Grand average time-frequency representations of spectral power corresponding to the change onset time window were averaged across conditions and all grid points within the respective region of interest (depicted as dark areas on horizontal MRI slices). Overall, the pattern of source-level spectral changes in the sensory cortices closely correspond to the global sensor-level changes shown in Fig. 2. (A,D) Time-frequency representations of spectral power for higher frequencies. (B,E) Time-frequency representations of spectral power for lower frequencies. (C,F) Bar plots illustrating the differential effect of attention for each frequency band. Bars represent grand means, and circles represent data from each participant to illustrate interindividual variance. All mean deviations from zero are significant. At the group level, spectral power in theta-, alpha-, and beta-band decreased while gamma-band power increased in both visual and auditory cortex.

Source space coherence

In the analysis of source coherence, three significant clusters were identified in the time window corresponding to the first intensity change (Fig. 5). These clusters represent regions in which the experimental conditions modulated coherence in a specific frequency range. Crossmodal congruence modulated coherence in the beta-band. Attention was associated with two clusters in the alpha- and theta-band respectively. No significant clusters were found for the interaction between attention and congruence. The clustering approach resulted in a pooling of frequencies slightly different from the frequency bands predefined for the analysis of spectral power. The beta-band cluster arose in a narrow 30-32 Hz range in regions including left medial parietal cortex as well as right superior and middle temporal gyrus. These regions exhibited stronger coherence for the incongruent condition compared to the congruent condition in the beta-band. One of the two clusters associated with changes in attention concentrated coherence between 8–12 Hz in widespread posterior regions in occipital, parietal and temporal cortex. Within this cluster, coherence decreased for the attended condition compared to the unattended condition. Moreover, the allocation of attention was found to increase theta-band coherence in a cluster comprising bilateral inferior frontal and precentral gyrus, left middle temporal gyrus, and right medial frontal cortex. These clusters, identified with coherence analysis, could not be explained by volume conduction effects (see bar plots on the right hand side of Fig. 5). Average imaginary part of coherency, which reflects non-zero phase-lag synchronisation and is therefore not influenced by volume conduction, was significantly different between conditions within the clusters (beta congruence effect: t18 = −2.70, p = 0.015; alpha attention effect: t18 = −4.10, p < 0.001; theta attention effect: t18 = 3.62, p = 0.002). These effects mirror the significant differences found for coherence (beta congruence effect: t18 = −8.56, p < 0.001; alpha attention effect: t18 = −9.00, p < 0.001; theta attention effect: t18 = 8.75, p < 0.001). This strongly suggests that volume conduction did not contaminate the significant coherence cluster results.

Figure 5
figure 5

Clusters with significant changes in source coherence were found for the congruence effect in the beta-band (upper row), as well as for the attention effect in the alpha-band (middle row) and theta-band (bottom row).

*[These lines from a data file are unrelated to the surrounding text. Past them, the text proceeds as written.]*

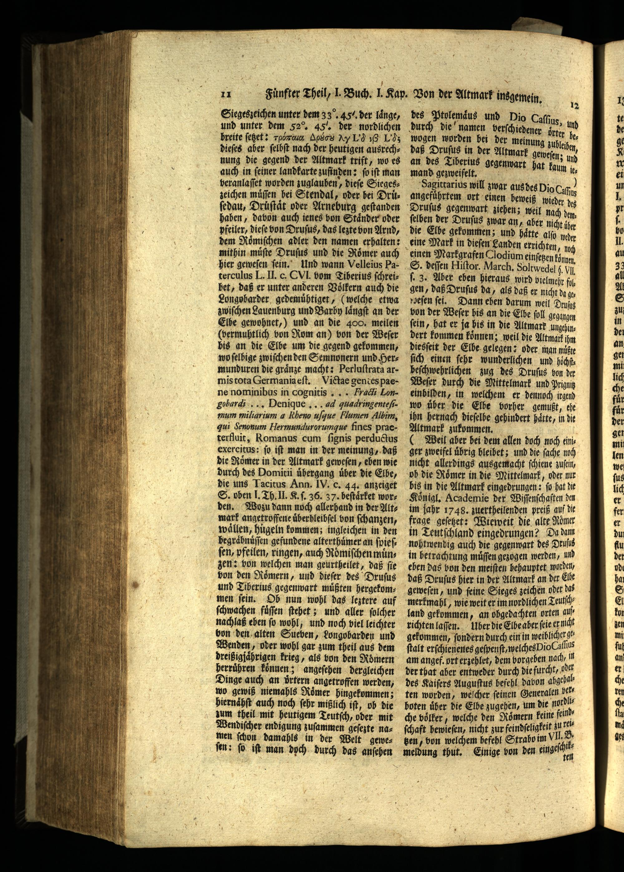 Weil aber bei dem allen doch noch einiger zweifel übrig bleibet; und die ſache noh nicht allerdings ausgemacht ſchiene zuſemn, oh die Römer in die Mittelmark, oder mr bis in die Altmark eingedrungen: ſo hat di Koͤnigl. Academie der Wiſſenſchaſten den im jahr 1748. zuertheilenden preiß auf die frage geſetzet Wieweit die alte Römer in Teutſchland eingedrungen? Da dam nohtwendig auch die gegenwart des Druſtz in betrachtung muſſen gezogen werden, und eben das bon den meiſten behauptet. worden daß Druſus hier in der Altmark an der Elhe geweſen, und feine Sieges zeichen oder dus merkmahl, wie weit er im nordlichen Teutſhland gekommen, an obgedachten orten auf richten laſſen. uber bie Elbe aber ſeie er nid} gekommen, ſndern durch ein in weiblicher 9 ſtalt erſchienenes geſpenſt, welches Pio Calli am angef. ort erzehlet, dem borgeben. der that aber entweder durch die furcht, ode des Kaiſers Auguſtus befehl davon nagen, ten worden, weſcher ſeinen Generalen we% boten über die Elbe zugehen, um die. che vöͤlker, welche den Römern keine up ſchaft bewiefen, nicht zur feindſeligkeit 1 ten, von welchem befehl Strabo im V ht, meldung thut. Einige von den eingel ten
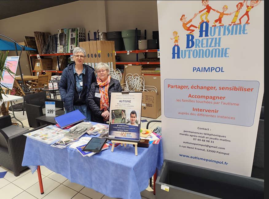 Mis en avantDans le hall d’accueil du Centre Leclerc à Paimpol Parc Richard, PaimpolA l'occasion du Mois de l'Autisme, nous tiendrons un stand sur lequel nous vous présenterons nos actions. Vous trouverez aussi un échantillon de notre pédagothèque.
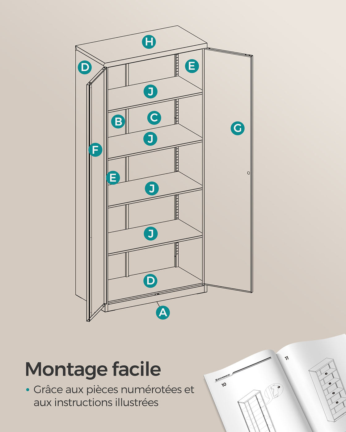 Ce placard métallique multi-usages peut être utilisé aussi bien dans un bureau pour ranger des documents et des classeurs que dans un garage pour stocker des outils ou des livres. Il vous aide à garder vos espaces organisés et à dissimuler le désordre.
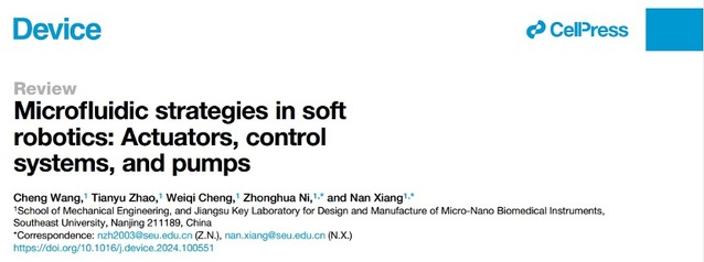 近日,鸠摩搜书 项楠教授/倪中华教授团队在微流控技术促进软体机器人自主化、无绳化和智能化方面取得重要进展,研究系统回顾了微流控技术在软致动器、软控制系统和软泵等软体机器人学关键领域的广泛应用和最新进展,揭示了微流控与软体机器人学高度相关的技术体系和相辅相成的发展规律,相关成果以“Microfluidic Strategies in Soft Robotics: Actuators, Control Systems, and Pumps”为题发表在《Cell》旗下新期刊《Device》上。
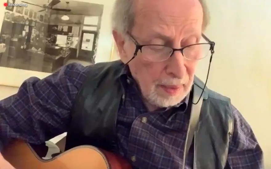 The fridge behind him is covered with photos and magnets, and he peers into his computer’s video camera toward an online audience of about seventy people attending a recent Friday night Old-Fashioned Hootenanny hosted by Swallow Hill Music over Zoom. He pauses to explain how he learned “Oh, Lord, I’ve Got Some Singing to Do” in 1957, during his days at Oberlin College.
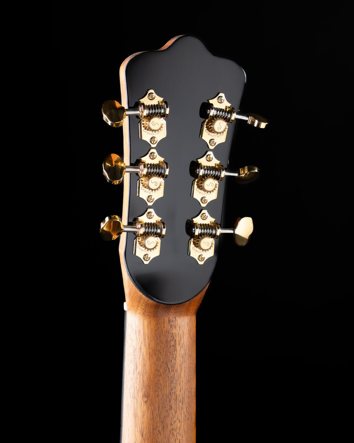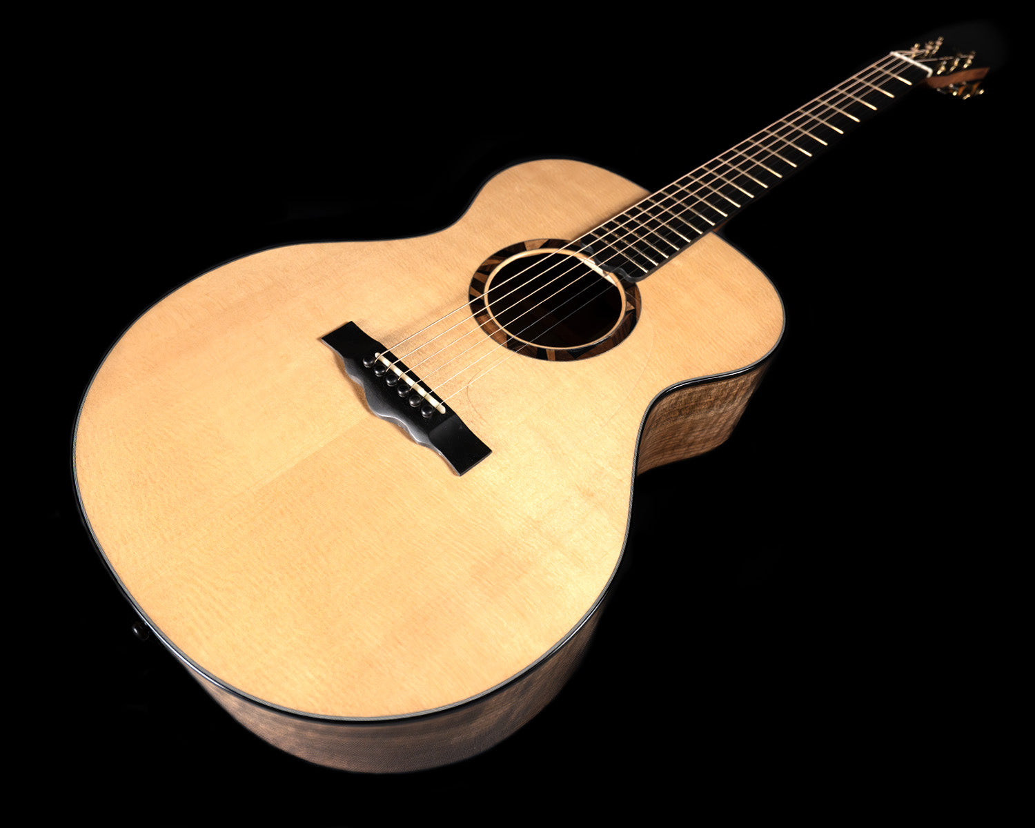 This Small Jumbo model features a beautiful Sitka spruce top, allowed to vibrate very actively thanks to the rigidity of the laminated side structure. The back is solid walnut, which has a similar fundamental to mahogany but in this case a notable increase in sustain. The instrument has a satisfying low end rumble but still plenty of balance and high clarity in the trebles. At 15 3/8" across the lower bout, it splits the difference between an OM and a jumbo, and it has Manzer wedge body construction, shallower on the bass side and deeper on the treble, for comfort without affecting the voice. Appointments include mosaic rosette and mosaic end wedge details. Wood body binding with blind bound ebony fingerboard. Gold fret wire and gold Schaller Grandtune tuners.

Each significant coherence cluster is illustrated with colors indicating the number of connections of a given location to other locations within the cluster (see methods for details). For the bar plots on the right hand side of the figure coherence and imaginary part of coherency were calculated between all voxels constituting a significant cluster. Bars represent average coherence or average imaginary part of coherency, respectively. Error bars denote standard errors, and asterisks indicate significant differences. Since all condition differences of average imaginary part of coherency are significant, it is unlikely that the source cluster coherence results are compromised by volume conduction. Abbreviations: Coh – coherence, ImCoh – imaginary part of coherency, Co – congruent, In – incongruent, At – attended, Un – unattended.

Discussion

We found focussing attention to combined audio-visual stimuli was accompanied by (i) augmented gamma power in a network including auditory and visual cortex, (ii) decreased alpha power and coherence in posterior, parietal and temporal regions, (iii) increased frontomedial theta power as well as increased theta coherence in frontal and temporal cortex. Task-relevant changes in audio-visual stimulus congruence were not associated with specific power differences, but with higher beta-band coherence for incongruent stimuli in medial parietal and temporal cortex. These results integrate findings from unimodal studies on changes in neural dynamics associated with attention13,17. Overall, our findings support the view that gamma oscillations reflect active processing in attention networks while alpha oscillations reflect inhibitory processes, and that frontal theta-band activity possibly relates to top-down control16.

Directing attention has been associated with increased cortical oscillatory activity in the gamma frequency range in previous studies13,19. Enhanced gamma-band responses for attended compared to unattended unisensory stimuli over the respective early sensory cortex regions have been observed for visual17,20, auditory21, and somatosensory stimuli22. In an MEG study with audio-visual speech stimuli, Kaiser et al.23 found simultaneous attention-dependent modulations in auditory and visual cortex23. In contrast, Kahlbrock et al.24 presented visual gratings accompanied by sound stimuli and found modulated gamma-band responses only in visual cortex24. Our results show enhancement of gamma-band power associated with the allocation of multisensory attention in a network comprising visual and auditory cortex as well as parietal, temporal and frontal regions. Rouhinen et al.25 identified a similar gamma network manipulating attentional load25. These findings support the view that gamma-band responses reflect activation in distributed attention networks. Importantly, we show for the audio-visual congruence evaluation task, top-down influence of multisensory attention extends to both early auditory and visual cortex.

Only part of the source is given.